午后三时半的薄荷糖
---
游惑被阳光晃醒时,秦究正靠在床头看文件。
窗帘没拉严实,一道金线斜切过被角,落在秦究的锁骨上。他戴了副细框眼镜,镜片后的眼睛微微垂着,左手翻页,右手却还搭在游惑腰间,拇指无意识地摩挲着他睡皱的衬衫。这个动作太过自然,仿佛他们已经这样度过了无数个午后。
"几点了?"游惑嗓子发哑,昨晚被折腾得太狠,现在浑身都泛着酸。
秦究摘了眼镜,俯身时阴影笼罩下来:"三点二十,大考官要再睡会儿吗?"他指尖蹭过游惑后颈,那里有昨晚被咬红的印子,在阳光下格外明显。
游惑拍开他的手坐起来,发现床头柜上放着杯蜂蜜水,杯底压着张便签纸,上面画了个歪歪扭扭的太阳——显然是秦究的手笔。他盯着那个滑稽的图案看了三秒,嘴角微不可察地翘了一下。
厨房传来煎蛋的滋滋声。游惑赤脚走过去,木质地板微凉的触感让他彻底清醒。秦究正单手打蛋,动作娴熟得像在拆炸弹,黑色家居服袖口卷到手肘,露出小臂上还没消退的抓痕——昨晚游惑情急之下留下的战利品。
"冰箱里还有速冻饺子。"游惑提醒他,声音里还带着刚睡醒的鼻音。
"上次某位长官说想吃溏心蛋。"秦究头也不回,锅铲在掌心转了个圈,"不过火候好像..."他故意拖长音调,等着某人的反应。
游惑突然从背后环住他的腰,下巴抵在他肩上。秦究顿住,听见耳后传来闷闷的声音:"焦了也行。
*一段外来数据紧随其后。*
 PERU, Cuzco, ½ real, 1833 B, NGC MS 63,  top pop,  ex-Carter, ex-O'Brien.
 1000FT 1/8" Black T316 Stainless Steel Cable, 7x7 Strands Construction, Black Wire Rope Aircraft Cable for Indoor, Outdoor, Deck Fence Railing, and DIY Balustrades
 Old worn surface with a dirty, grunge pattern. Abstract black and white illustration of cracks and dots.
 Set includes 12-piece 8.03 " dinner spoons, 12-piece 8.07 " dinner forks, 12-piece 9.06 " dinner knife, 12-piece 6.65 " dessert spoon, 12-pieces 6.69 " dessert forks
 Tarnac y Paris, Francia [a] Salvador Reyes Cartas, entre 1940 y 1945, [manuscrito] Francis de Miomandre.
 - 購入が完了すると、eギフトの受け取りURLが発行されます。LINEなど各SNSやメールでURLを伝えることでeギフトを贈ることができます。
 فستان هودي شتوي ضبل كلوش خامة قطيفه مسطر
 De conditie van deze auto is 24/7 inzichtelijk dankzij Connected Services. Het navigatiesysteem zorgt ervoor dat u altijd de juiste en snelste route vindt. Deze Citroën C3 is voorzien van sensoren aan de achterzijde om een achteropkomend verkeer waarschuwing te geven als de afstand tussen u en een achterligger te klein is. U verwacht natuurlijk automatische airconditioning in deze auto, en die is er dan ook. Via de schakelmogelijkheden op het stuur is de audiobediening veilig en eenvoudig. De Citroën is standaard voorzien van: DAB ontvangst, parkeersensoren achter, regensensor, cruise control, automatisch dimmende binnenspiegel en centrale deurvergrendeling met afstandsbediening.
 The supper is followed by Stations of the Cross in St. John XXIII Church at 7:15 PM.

"
阳光把两人的影子揉成一团,灶台上的薄荷糖盒子闪着细碎的光。那是游惑的习惯,每次出任务前都要含一颗,久而久之秦究的每个口袋里都会备着。
"别闹。"秦究故意用锅铲敲了敲锅边,"再这样蛋真要焦了。"
游惑没动,反而收紧了手臂。他能感觉到秦究后背的温度透过单薄的衣料传来,心跳声沉稳有力。这是系统崩溃后他们才有的奢侈——不用担心明天,不用计算生死,可以就这样浪费一个普通的下午。
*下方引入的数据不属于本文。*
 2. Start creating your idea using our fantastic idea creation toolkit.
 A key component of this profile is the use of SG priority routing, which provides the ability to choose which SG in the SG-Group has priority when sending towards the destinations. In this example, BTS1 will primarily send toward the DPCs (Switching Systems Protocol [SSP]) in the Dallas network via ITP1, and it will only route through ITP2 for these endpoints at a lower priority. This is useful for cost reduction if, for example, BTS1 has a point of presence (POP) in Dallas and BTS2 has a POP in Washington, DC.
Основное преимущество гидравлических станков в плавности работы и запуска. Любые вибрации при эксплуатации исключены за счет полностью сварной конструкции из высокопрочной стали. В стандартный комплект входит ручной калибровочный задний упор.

秦究关了火,转身把人抵在料理台边。游惑的后腰碰到冰凉的台面,不自觉地缩了一下,却被秦究扣住手腕。
"大考官这是..."秦究低头,鼻尖几乎碰到他的,"在撒娇?"
游惑别过脸,耳尖却红了:"滚蛋。"
秦究低笑,呼吸喷在他颈侧:"晚了。"他俯身,在游惑锁骨上不轻不重地咬了一口,正好盖住昨天的痕迹,"既然醒了,不如做点别的?"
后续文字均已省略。